For Campbell, another aim for Sureshot is constant improvement. “We want to get better over time as we hopefully establish ourselves. We have more fermentation capacity on the way so for a business like ours, the ability to produce more beer will help the numbers make more sense and it’ll also help us build our reputation, too.”

And when that happens, the head brewer is not ruling out branching out into other beer styles. “I think there is room for all kinds of styles but I am also a firm believer in keeping things fairly simple as far as yeast goes. I don’t want something like 17 different yeast strains in the brewery because that will just lead to trouble sooner or later.”

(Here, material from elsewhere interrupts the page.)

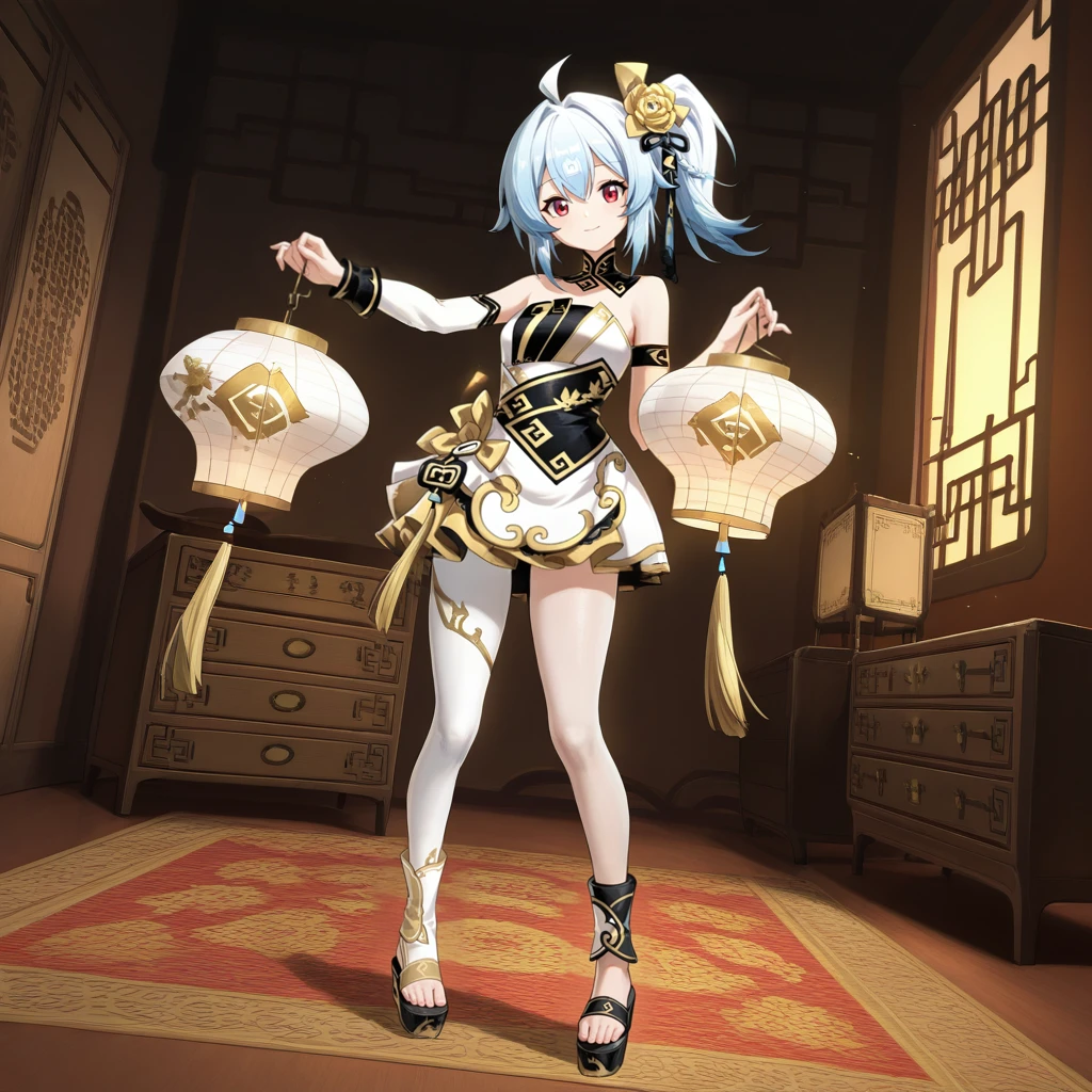 BiliG33, Bg3_Alt, bili girl 33, power symbol, light blue hair, ahoge, red eyes, side ponytail, medium hair, sphere hair ornament, yellow bow, hair bow, strapless dress, chinese clothes, single detached sleeve, white sleeves, black wrist cuffs, black armband, hair flower, yellow flower, dress flower, layered dress, multicolored dress, yellow dress, white dress, black trim, black collar, detached collar, single detached legging, white leggings, ankle cuffs, mismatched ankle cuffs, platform sandals, black sandals,Chinese 03 Outfit: (With Chinese Wedding Dress)

But until then, consumers can try beers such as Double IPA ‘164 Miles Per Hour’, New England IPA ‘I Need A Rendezvous’ and West Coast IPA ‘Name A Yellow Fruit’. Releases that have already enjoyed UK distribution thanks to the brewery’s in-house canning capabilities. 

“The notion of Sureshot was born and developed under lockdown, and I think we quickly came to the conclusion that launching without a small pack facility was verging on madness really,” he says.

“Go back a year or so and nobody really knew what was happening with the licensed trade. And I still think the licensed trade doesn’t quite know where things will be in six months’ time. Be that either due to the impact of lockdown or the impact that has had on long-term finances. So for us, with that in mind, the ability to go direct to the consumer was essential.”

Campbell goes on: “In addition, from my own experience, I also think small pack is some of the best marketing you can have. People will take a chance on a can of beer long before a publican will take a chance on a keg of it.”

James Leaver, the brewery’s marketing/graphics/social media manager, adds that small pack is incredibly effective in opening up the broader beer market. “We’re not a big country, cans travel pretty well and help people hear about you from any corner. So I do think that it’s an ambition to ultimately be up and down the country, and to be able to supply businesses that want our beer.” 

And another route the brewery plans to take when connecting with the consumer is through the opening of its own taproom, which will be housed in the adjacent unit to the brewhouse. The imminent arrival of additional fermenters will result in malt and other storage moving to the back of the second unit, with a shiny new taproom and retail operation adorning the front.

“Firstly it makes sense to help offset the additional costs presented by the extra unit but equally, it gives us a great opportunity for people to get to know the brand better. It gives us more of a personality,” says Campbell.

“As a small start-up, it’s fantastic when people ask where they can enjoy your beer. So instead of simply having to respond with “all good pubs and bars”, we can have somewhere to welcome people to try our beer, and to come along on this journey with us. We’re excited by it all.”